Homemade Lobster Roll
Yes, I actually made the lobster roll above!

My aunt is headed over, so I have to clean the house before I finish the weekly list. Below is a post I did for my friends at Bostonist. (I might've been more casual otherwise...)

It might be a perfect weekend to make some lobster rolls!


Homemade Lobster Roll
$6.32 per roll (w/ chips)

There's no reason to pay big money for a good lobster roll. With a little effort, the yumminess-to-dollar ratio can be high. Part of a lobster roll's beauty is that you simply eat it without getting your hands dirty. Just like other aspects of life, there can also be quite a bit of satisfaction in self-service.

Getting your lobster at a supermarket is fine, but who knows how long those tank-dwellers have been there? Take a look behind the store, and you might see a couple crustaceans on a cigarette break.

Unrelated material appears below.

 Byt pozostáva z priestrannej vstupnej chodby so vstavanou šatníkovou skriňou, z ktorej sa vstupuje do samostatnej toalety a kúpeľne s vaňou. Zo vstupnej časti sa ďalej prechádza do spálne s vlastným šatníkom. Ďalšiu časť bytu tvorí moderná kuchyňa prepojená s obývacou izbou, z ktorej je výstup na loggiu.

This is New England! There are plenty of places to get a fresh, lively lobba-lobba for your belly. Every Internet search engine sits waiting for someone to type "lobster market [your town]." You might pay a dollar or two more, but it will be worth it.

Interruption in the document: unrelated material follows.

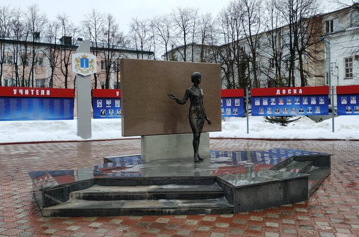 Одним словом, памятник учительнице 2007 года и доски почёта со списками и портретами учителей со всей области тут вполне уместны.

I picked up a 1.75-pounder at New Deal Fish Market in East Cambridge for $21.09 (at $12.99 per lb. -- vs. $11.99 at Shaw's). The service was great, and it's clear they care about good seafood. Our confidence level was high -- and well-rewarded.

The tail and claw pieces were cut into big chunks for bites of premium flavor, while the rest was given a rough chop that offered flavor dimension beyond simple uniformity of goodness. Only enough mayo was added to bind it together, and no celery pieces were added. A wee bit of celery leaves sat underneath for a hint of greens and added texture.

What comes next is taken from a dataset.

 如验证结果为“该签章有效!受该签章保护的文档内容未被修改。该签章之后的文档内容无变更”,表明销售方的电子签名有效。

With total control over the meal, a generous yet neat amount of lobster salad was laid into a bed of lightly-toasted and slightly under-buttered (no one's perfect) hot dog buns (8-pack, $1.67). Like a bookworm-ish cousin, the bread's flavor added little to the party, but good-flavor times rolled on without giving it much thought. An 8.5oz bag of sea salt & vinegar Cape Cod potato chips ($2.50) matched superbly as a delightful side for a goog ol' lobster roll. The sweet, tender flavor joyfully lingered for the half-second until the next bite arrived.

A better lobster roll could be found, but very few can beat a homemade lobster made with love. Certainly no restaurant or shack can beat the price!

The prep and math behind the roll:

If harbor water isn't within a block of your heat source, be sure to salt your water. We like to add "aromatics" to the pot, but salt is the only necessity. Pantry items that went into the water included:

- a quartered onion
- a couple stalks of celery (cut into a few pieces)
- a clove or two of garlic
- some peppercorns
- 2 bay leaves
- a halved lemon (squeezed into pot and dropped in)
The greatness of lobster is best enjoyed with as little distraction as possible. A little flavor is added to the bath, so little else should end up in the roll.

Once the water is boiling, drop it in for 10 to 12 minutes depending on its size. After it's cool enough to handle, the fun part is next. Without making this a lengthy how-to: break off the tail and arms, let sections drain over the sink, and don't eat the stuff near the head. While some love the vibrantly green tomalley, it's not good lobster roll material. I crack open every nook and cranny where any meat can be found. The spindly legs have quite a bit of tasty meat, and every segment can be squeezed like a toothpaste tube.

It shouldn't be difficult to drop the scrumptious sea-bug into boiling water just as most people are comfortable killing any insect around the house. Once cooked, view it as abstractly as any other meat product. (Fried chicken, anyone?)

It can still be delicious if take the easy route. Shaw's will steam the lobster for you, and other markets might offer that service. Meat still needs to be removed, but you save time by shopping while the lobster is cooking. We strongly urge you not to buy the pre-steamed lobster -- there's probably a reason they cooked it, and it's not a good one. Smaller lobsters (1.5 lbs. or less) would be fine, but they start to get tough when bigger than 2 pounds.

Lobster: $21.09 +
hot dog buns: $1.67 +
potato chips: $2.50 = $25.28

Divided by 4 = $6.32 per roll.

If you want two rolls, it's $12.64 per person.